Saudara, harga yang berubah-ubah akan membingungkan si pembeli. Ketika diskon datang, pasti semua merasa senang. Tetapi kemudian pembeli menjadi berpikir lagi,’ Yang lalu sudah keburu beli, sayang ya. Mustinya belinya ketika diskon saja.’ Perasaan galau muncul. Apakah harus beli lagi (mumpung diskon)? Begitulah harga di toko. Bisa berubah-ubah dan membingungkan pembelinya. Tapi ada satu hal yang harganya tidak pernah berubah, sekarang dan selama-lamanya. Harga itu tak terjangkau oleh kita. Tidak mungkin kita membelinya, dengan apapun yang kita miliki. Tidak ternilai harganya dan begitu luar biasa. Semahal itu pun, hal itu diberikan GRATIS untuk kita yang percaya. Itulah KESELAMATAN ! Dan itulah BERKAT BESAR berjalan bersama TUHAN YESUS. Kesempatan untuk menjadi ANAK BAPA di Surga. Apakah kita senantiasa ingat akan harganya ? Seharusnya kita menjawab : Ya. Jangan pernah lupakan harganya.
Saudara, pemberian keselamatan dari TUHAN itu gratis. Oleh sebab itu jalanilah hari-hari kita dalam tahun ini dengan bertingkah laku menyenangkan hati-NYA.

Dengan apa kan kubalas
Segala kebaikan-MU
Segenap hatiku menyembah-MU YESUS
Ku bersyukur pada-MU s’lamanya

Ary dan Ester Handoko

Basuhlah, bersihkanlah dirimu, jauhkanlah perbuatan-perbuatanmu yang jahat dari depan mata-KU

Yesaya 1 : 16a

Saudara yang terkasih, 

Seorang teman diluar kota memberi laporan pandangan mata tentang seorang saudaranya yang tinggal serumah dengan dia. Dalam ‘curcol’nya dia berkata bahwa saudaranya itu sudah 5 hari tidak mau ganti baju. Dari hari Selasa ke hari Sabtu, saudaranya masih memakai baju yang sama, bahkan untuk tidur. Dia mandi, tetapi jarang-jarang, bisa sekitar 3 hari sekali, lalu pakai lagi baju yang sama. Baunya minta ampun, katanya. Bau itu ada di kamarnya sendiri, juga di kamar mandi, dan menyebar ke ruangan-ruangan yang lain.
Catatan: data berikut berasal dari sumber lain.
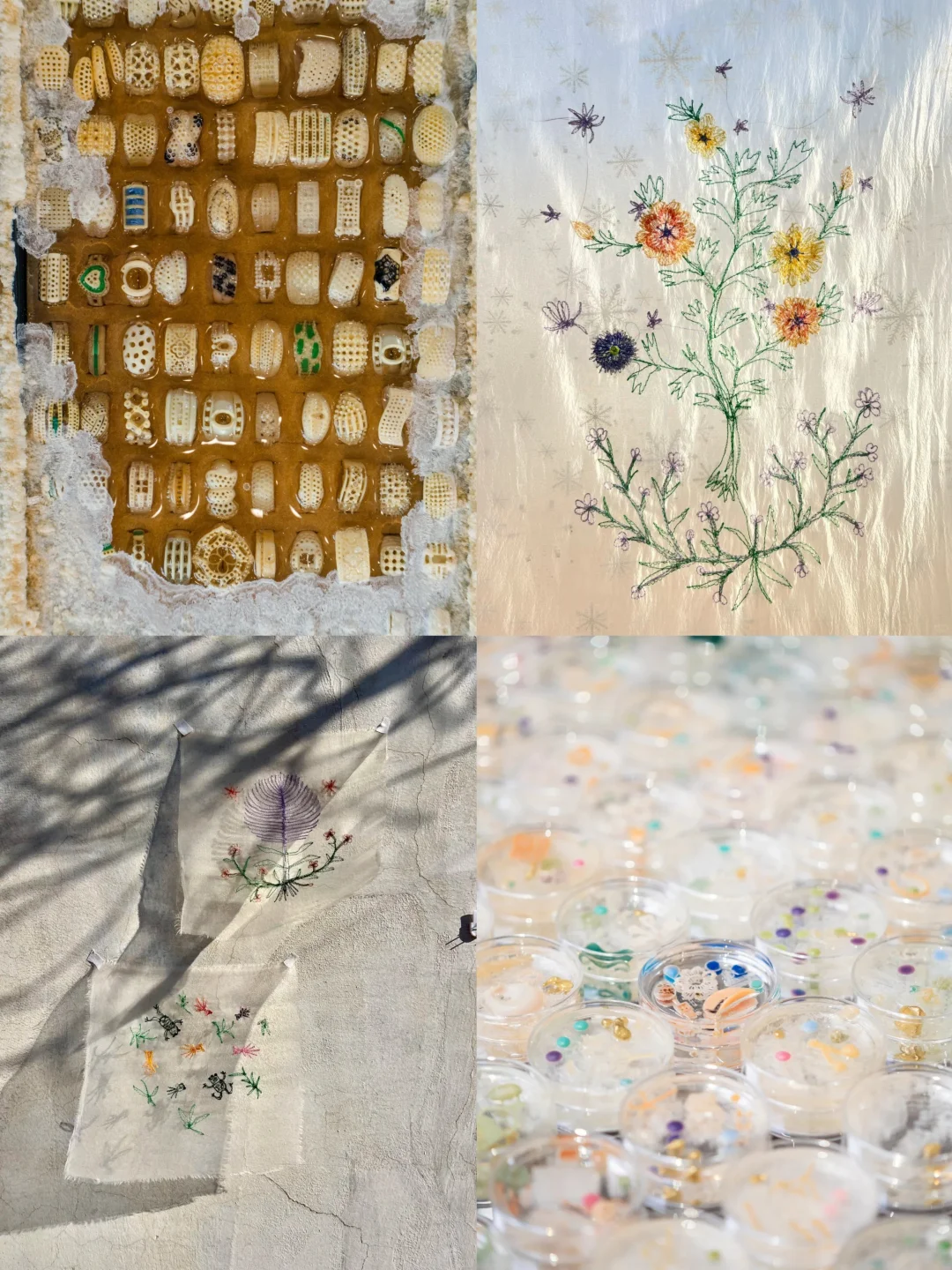 展览被拆成四个章节,像翻开一本大地的诗册。这里的艺术不再是隔着玻璃的凝视,而是可触摸、可种植、可感受的存在:你可以触摸纤维延展的肌理,感受材料呼吸的节奏,甚至在互动装置里种下一颗属于自己的种子——生命力从来都不在远方,它藏在脚下的泥土里,藏在掌心的种子里,也藏在每个人的日常里。
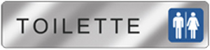 Targhetta Easy Fix riportante la dicitura "Toilette", in alluminio specchio con biadesivo in acrilico retinato capace di garantire una perfetta durata e tenuta su qualsiasi superficie, con particolare attenzione a muro, cemento, mattone, legno e metallo.
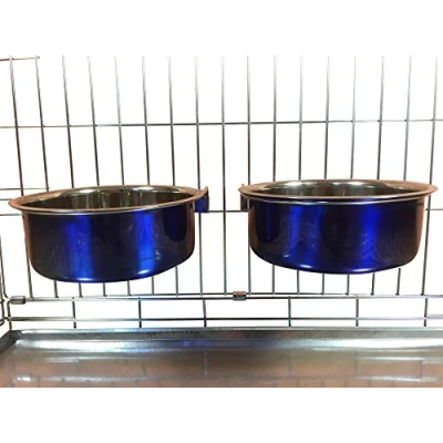 Ellie Bo Pair of Dog Bowls For Crates, Cages or Pens and 3 Sizes (2.0Ltr Large, Blue)
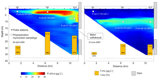 In April (Figure 3, left panel) the highest P-chl-a concentrations (≈40 µg L−1) were detected between station St5 and station St10 at about 2.5 m. At the P-chl-a peak, P. rubescens cell densities were between 26 and 91 × 106 cell L−1 with corresponding total microcystin concentrations in a range of 12.3–31.5 µg L−1. In June (Figure 3, right panel), P-chl-a peaked deeper at about 10 m and extended more continuously from the southern region of the lake (St3) to the dam (St11) with maximum P-chl-a concentrations close to 20 µg L−1. P. rubescens cell densities were between 17 and 48 × 106 cell L−1, with corresponding total microcystin concentrations in a range of 2.5–11.9 µg L−1. At the northern edge of the lake, between station St10 and St11, P-chl-a in April accumulated in the upper part of the dam due to the lower flow rate (2–3 m3 s−1), while in June, the P-chl-a pattern appears closer to the opening and more stretched by the higher water withdrawal (about 25 m3 s−1).
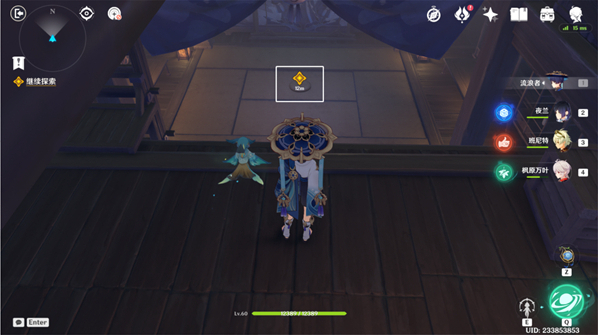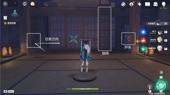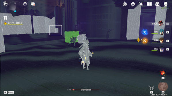 往地图的西北方向看,开启元素视野,按图中指引,获得宝箱③,往地图的北方向走,前往任务指引房间
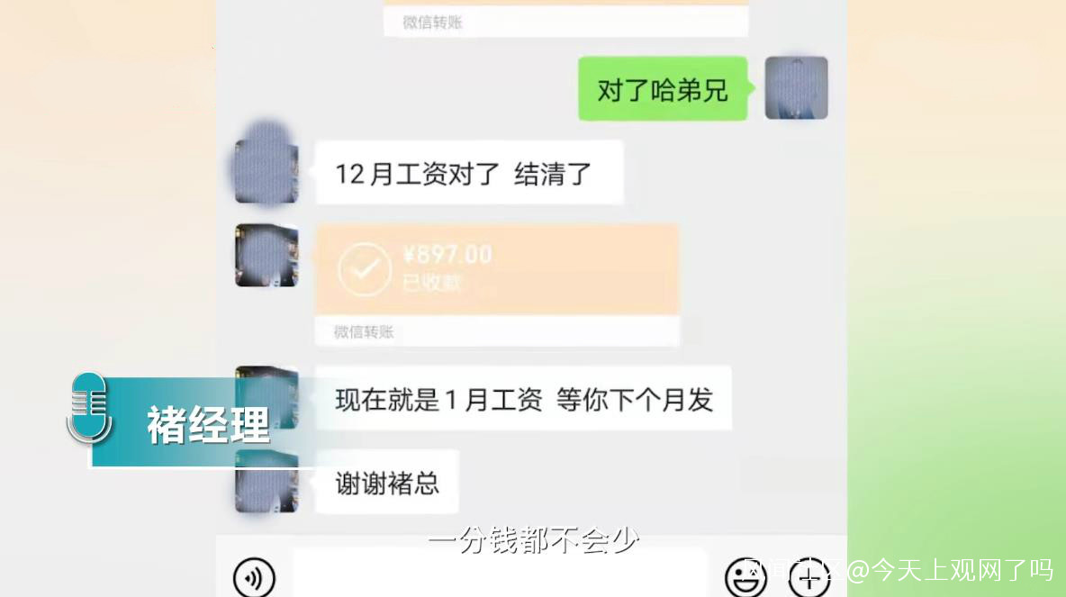 而在他以微信轉賬的方式支付工資後,小崔還表達了感謝。
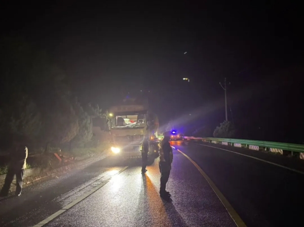 “太感谢你们了!要不是交警同志,我们今晚不知道要困到什么时候,更别说能平安回家了,你们真是老百姓的守护神!”危化品车驾驶员夫妻俩紧紧握着民警的手,激动得热泪盈眶。10月1日20时许,甘泉县公安局交警大队道镇中队四名民警按部署开展夜间巡逻,行至麻子街上坡弯道时,发现一辆危化品车因机械故障抛锚在道路关键位置。彼时雨势渐大、夜色浓重,上坡弯道视线差、车流密,危化品车滞留极易引发严重事故。四名民警立即分工:一组紧急联系危化品车辆专业修理工,精准说明情况以争取抢修时间;另一组冒雨在来车方向设置警示标志,站在道路中央用手势和喊话引导车辆减速绕行。
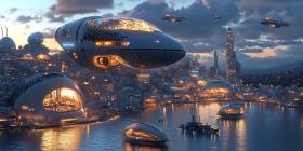 Futuristic Cityscape Flying Vehicles and Illuminated Towers

Bukan karena tidak punya baju maka dia tidak ganti baju, bajunya banyak di lemari, tetapi malas saja ganti baju. Juga malas mandi, malas membersihkan diri. Padahal di kamar mandi peralatan mandi juga sudah disediakan lengkap.
Saudara, kisah ini benar-benar ada. Sudah tersedia segala sesuatunya untuk seseorang membersihkan diri, tetapi dia tidak mau karena faktor malas. Dan merasa ‘sudah bersih.’ Padahal orang sekeliling sangat terganggu dengan kebiasaan buruknya ini. Tentu sebenarnya dia sendiri terganggu, tetapi kemalasannya mengatasi segalanya, termasuk keinginan untuk berbenah diri.
Seperti kisah nyata diatas, kita pun sebagai anak TUHAN harus rajin membersihkan diri. Membersihkan diri dari dunia yang begitu kotor mencemari kita, dengan terus meminta ampun kepada TUHAN setiap hari. Bertobat setiap hari. Melakukan perintah-NYA dan taat pada peraturan yang sudah DIA terapkan, setiap hari, setiap saat. Bayangkan betapa ‘kotor’nya kita, bila terus menerima hal-hal yang tidak menyenangkan dari dunia ini ( termasuk segala berita buruk yang kita dengar, gosip, perlakuan yang tidak menyenangkan dari seseorang, dan lain-lain), lalu kita simpan saja di dalam hati, tanpa berniat melepaskannya.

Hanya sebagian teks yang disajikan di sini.